我有一个KStream x KStream连接,它正在崩溃,但有以下异常.

Exception in thread “my-clicks-and-recs-join-streams-4c903fb1-5938-4919-9c56-2c8043b86986-StreamThread-1" org.apache.kafka.streams.errors.StreamsException: Exception caught in process. taskId=0_15, processor=KSTREAM-SOURCE-0000000001, topic=my_outgoing_recs_prod, partition=15, offset=9248896
    at org.apache.kafka.streams.processor.internals.StreamTask.process(StreamTask.java:203)
    at org.apache.kafka.streams.processor.internals.StreamThread.processAndPunctuate(StreamThread.java:679)
    at org.apache.kafka.streams.processor.internals.StreamThread.runLoop(StreamThread.java:557)
    at org.apache.kafka.streams.processor.internals.StreamThread.run(StreamThread.java:527)
Caused by: org.apache.kafka.streams.errors.StreamsException: task [0_15] exception caught when producing
    at org.apache.kafka.streams.processor.internals.RecordCollectorImpl.checkForException(RecordCollectorImpl.java:136)
    at org.apache.kafka.streams.processor.internals.RecordCollectorImpl.send(RecordCollectorImpl.java:87)
    at org.apache.kafka.streams.state.internals.StoreChangeLogger.logChange(StoreChangeLogger.java:59)
    at org.apache.kafka.streams.state.internals.ChangeLoggingSegmentedBytesStore.put(ChangeLoggingSegmentedBytesStore.java:59)
    at org.apache.kafka.streams.state.internals.MeteredSegmentedBytesStore.put(MeteredSegmentedBytesStore.java:105)
    at org.apache.kafka.streams.state.internals.RocksDBWindowStore.put(RocksDBWindowStore.java:107)
    at org.apache.kafka.streams.state.internals.RocksDBWindowStore.put(RocksDBWindowStore.java:100)
    at org.apache.kafka.streams.kstream.internals.KStreamJoinWindow$KStreamJoinWindowProcessor.process(KStreamJoinWindow.java:64)
    at org.apache.kafka.streams.processor.internals.ProcessorNode$1.run(ProcessorNode.java:47)
    at org.apache.kafka.streams.processor.internals.StreamsMetricsImpl.measureLatencyNs(StreamsMetricsImpl.java:187)
    at org.apache.kafka.streams.processor.internals.ProcessorNode.process(ProcessorNode.java:133)
    at org.apache.kafka.streams.processor.internals.ProcessorContextImpl.forward(ProcessorContextImpl.java:82)
    at org.apache.kafka.streams.processor.internals.SourceNode.process(SourceNode.java:80)
    at org.apache.kafka.streams.processor.internals.StreamTask.process(StreamTask.java:189)
    ... 3 more
Caused by: org.apache.kafka.common.errors.RecordTooLargeException: The request included a message larger than the max message size the server will accept.
Run Code Online (Sandbox Code Playgroud)

我正在加入一个Click主题的Recommendation主题.该Click对象是非常小(不到KB).Recommendation另一方面,可能很大,偶尔大于1 MB.

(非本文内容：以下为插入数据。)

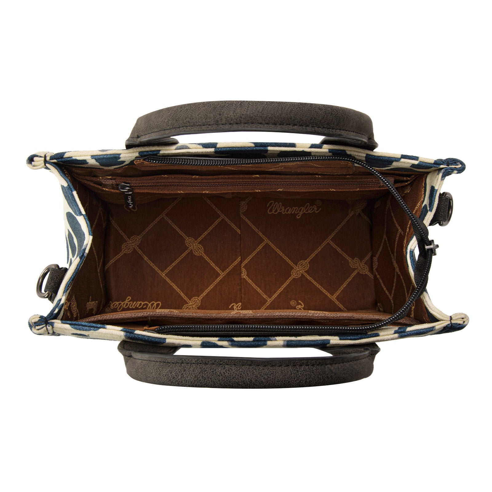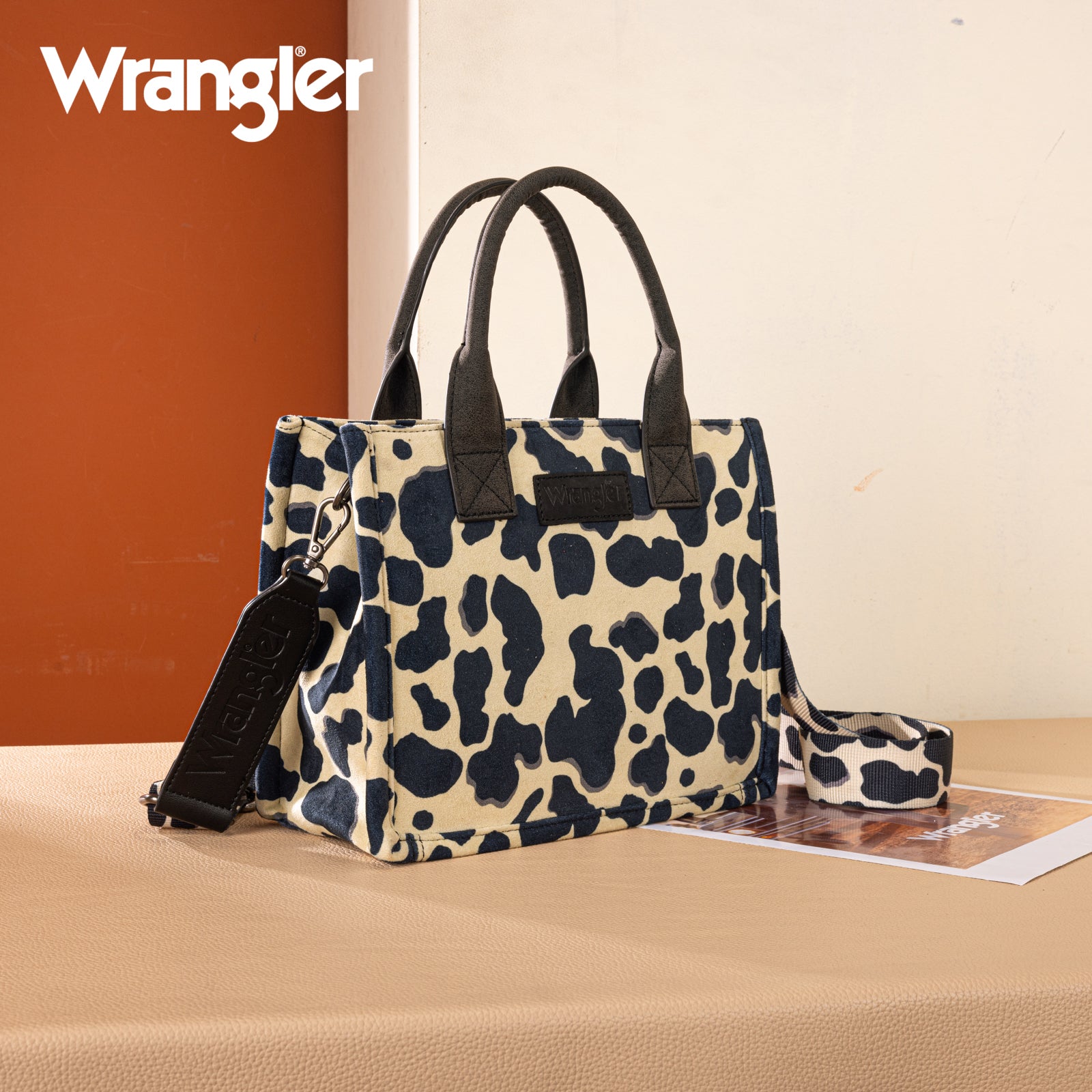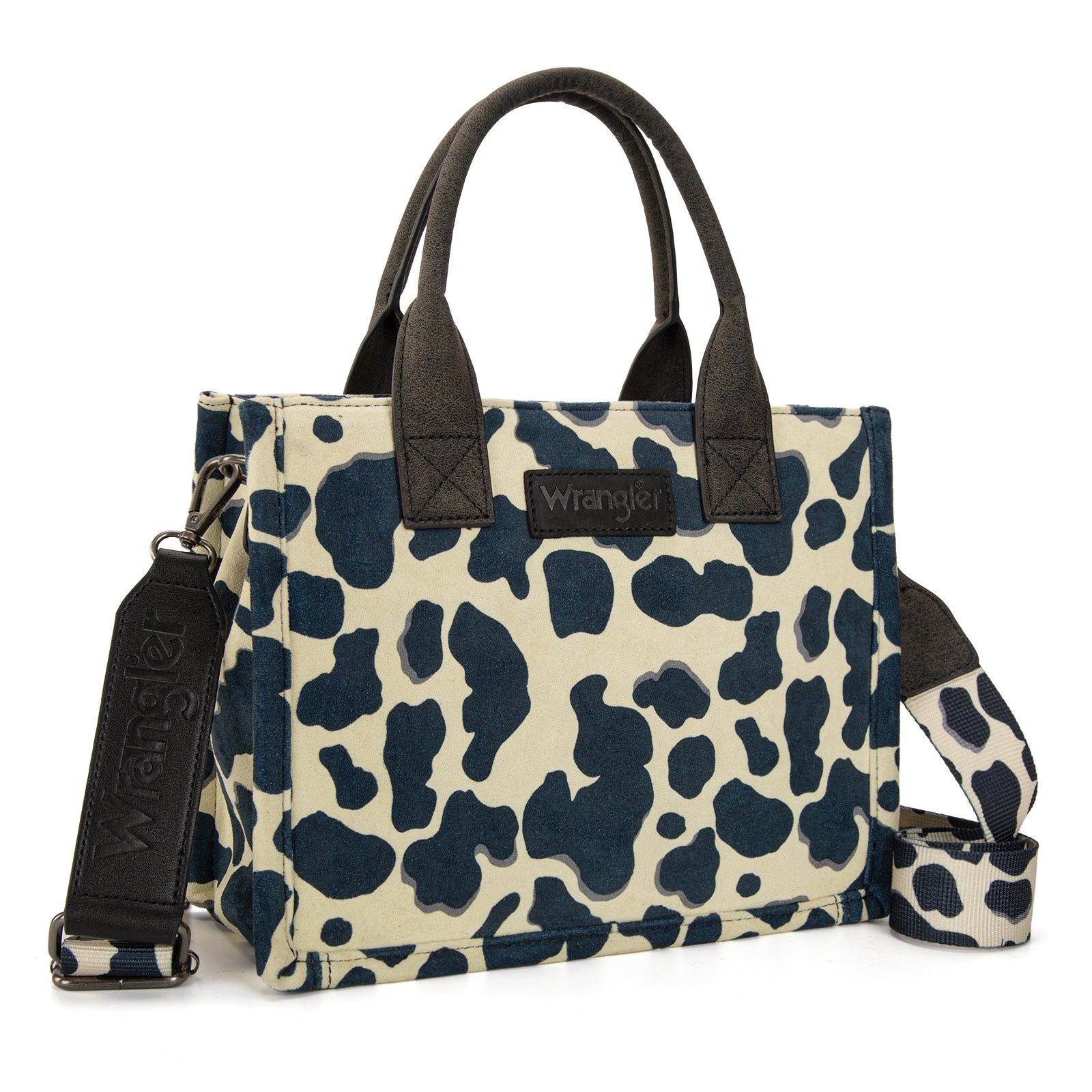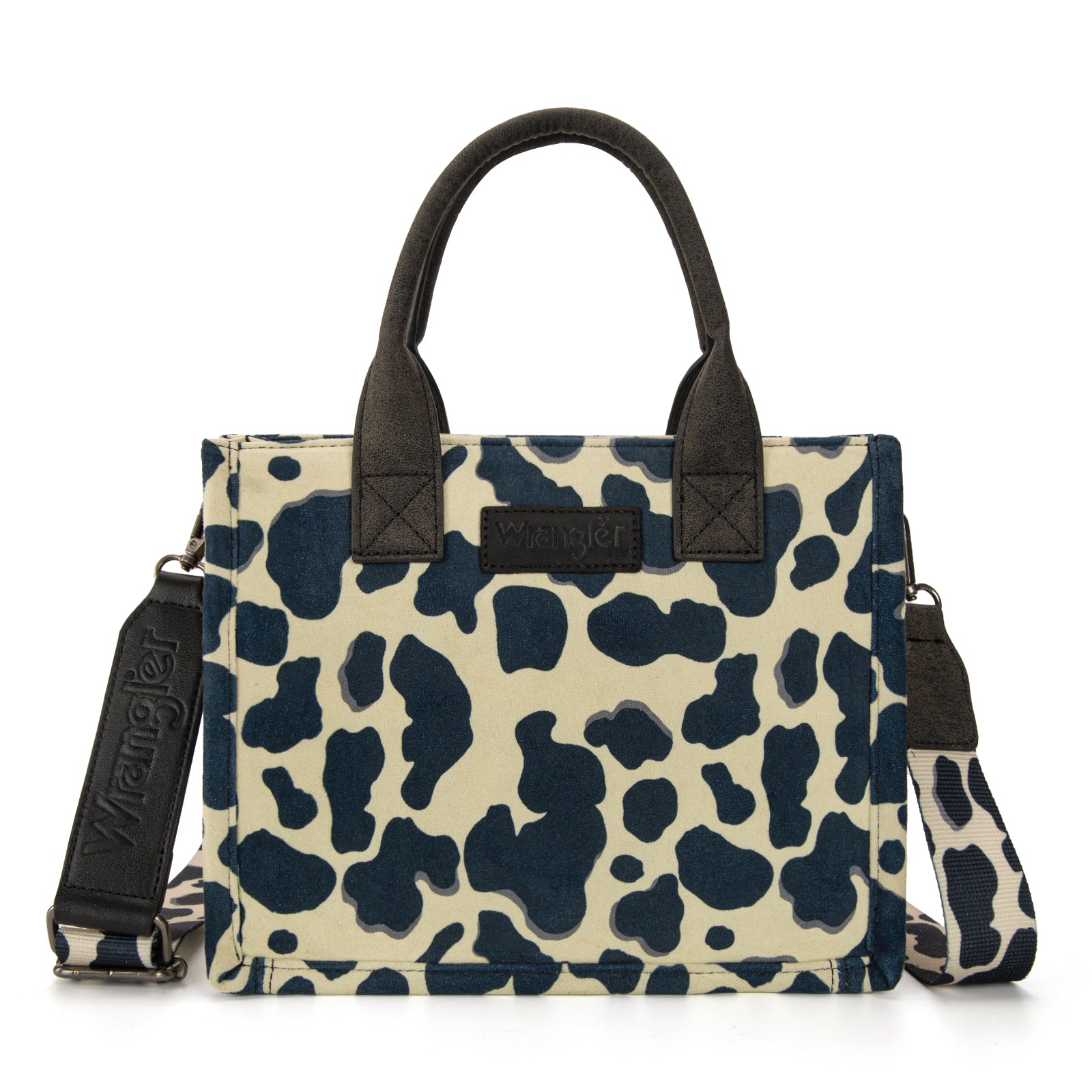 WG264-8120BK Wrangler Cow Print Concealed Carry Tote/Crossbody -Black

我用Google搜索异常,发现(这里)我需要max.request.size在生产者配置中设置.

我不明白的是,制作人在流媒体中加入了什么?上面例外topic=my_outgoing_recs_prod中的主题是建议主题,而不是最终加入的主题.流媒体应用程序是不应该只是"消费"它?

不过,我尝试将属性设置config.put("max.request.size", "31457280");为30MB.我不希望建议记录超过该限制.但是,代码崩溃了.

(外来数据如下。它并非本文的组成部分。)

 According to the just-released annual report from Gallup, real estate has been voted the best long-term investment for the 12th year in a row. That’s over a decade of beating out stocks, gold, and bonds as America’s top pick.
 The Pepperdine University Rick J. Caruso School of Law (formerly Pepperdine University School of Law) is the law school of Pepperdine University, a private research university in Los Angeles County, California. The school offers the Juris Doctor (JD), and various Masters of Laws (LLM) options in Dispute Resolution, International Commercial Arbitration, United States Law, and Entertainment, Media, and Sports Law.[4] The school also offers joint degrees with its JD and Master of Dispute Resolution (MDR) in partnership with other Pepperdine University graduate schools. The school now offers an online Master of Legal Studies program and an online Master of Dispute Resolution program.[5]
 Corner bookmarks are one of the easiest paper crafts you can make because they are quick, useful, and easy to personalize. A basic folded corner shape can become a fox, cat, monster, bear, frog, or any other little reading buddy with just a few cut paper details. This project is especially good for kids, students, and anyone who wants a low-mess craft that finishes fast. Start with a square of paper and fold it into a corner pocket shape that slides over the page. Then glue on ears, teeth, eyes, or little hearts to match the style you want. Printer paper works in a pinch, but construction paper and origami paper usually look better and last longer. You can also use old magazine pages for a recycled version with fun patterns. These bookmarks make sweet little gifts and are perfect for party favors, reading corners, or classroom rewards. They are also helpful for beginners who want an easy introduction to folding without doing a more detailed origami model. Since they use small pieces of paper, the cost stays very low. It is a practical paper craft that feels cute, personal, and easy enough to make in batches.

我无法更改Kafka集群中的配置,但如果需要,我可以更改Kafka中相关主题的属性.

有人可以建议我还能尝试什么?

如果没有任何作用,我愿意忽略这些超大消息.但是,我不知道如何处理这个问题RecordTooLargeException.

我执行连接的代码如下.

Properties config = new Properties();
config.put(StreamsConfig.APPLICATION_ID_CONFIG, JOINER_ID + "-" + System.getenv("HOSTNAME"));
config.put(StreamsConfig.BOOTSTRAP_SERVERS_CONFIG, booststrapList);
config.put(StreamsConfig.DEFAULT_KEY_SERDE_CLASS_CONFIG, Serdes.String().getClass().getName());
config.put(StreamsConfig.DEFAULT_VALUE_SERDE_CLASS_CONFIG, Serdes.ByteArray().getClass().getName());
config.put("max.request.size", "314572800");
config.put("message.max.bytes", "314572800");
config.put("max.message.bytes", "314572800");


KStreamBuilder builder = new KStreamBuilder();

KStream<String, byte[]> clicksStream = builder.stream(TopologyBuilder.AutoOffsetReset.LATEST, Serdes.String(), Serdes.ByteArray(), clicksTopic);
KStream<String, byte[]> recsStream = builder.stream(TopologyBuilder.AutoOffsetReset.LATEST, Serdes.String(), Serdes.ByteArray(), recsTopic);

KStream<String, ClickRec> join = clicksStream.join(
        recsStream,
        (click, recs) -> new ClickRec(click, recs),
        JoinWindows.of(windowMillis).until(3*windowMillis));

join.to(Serdes.String(), JoinSerdes.CLICK_SERDE, jointTopic);

KafkaStreams streams = new KafkaStreams(builder, config);
streams.cleanUp();
streams.start();
Run Code Online (Sandbox Code Playgroud)

ClickRec是连接对象(它远远小于一个Recommendation对象,我不希望它大于几KB).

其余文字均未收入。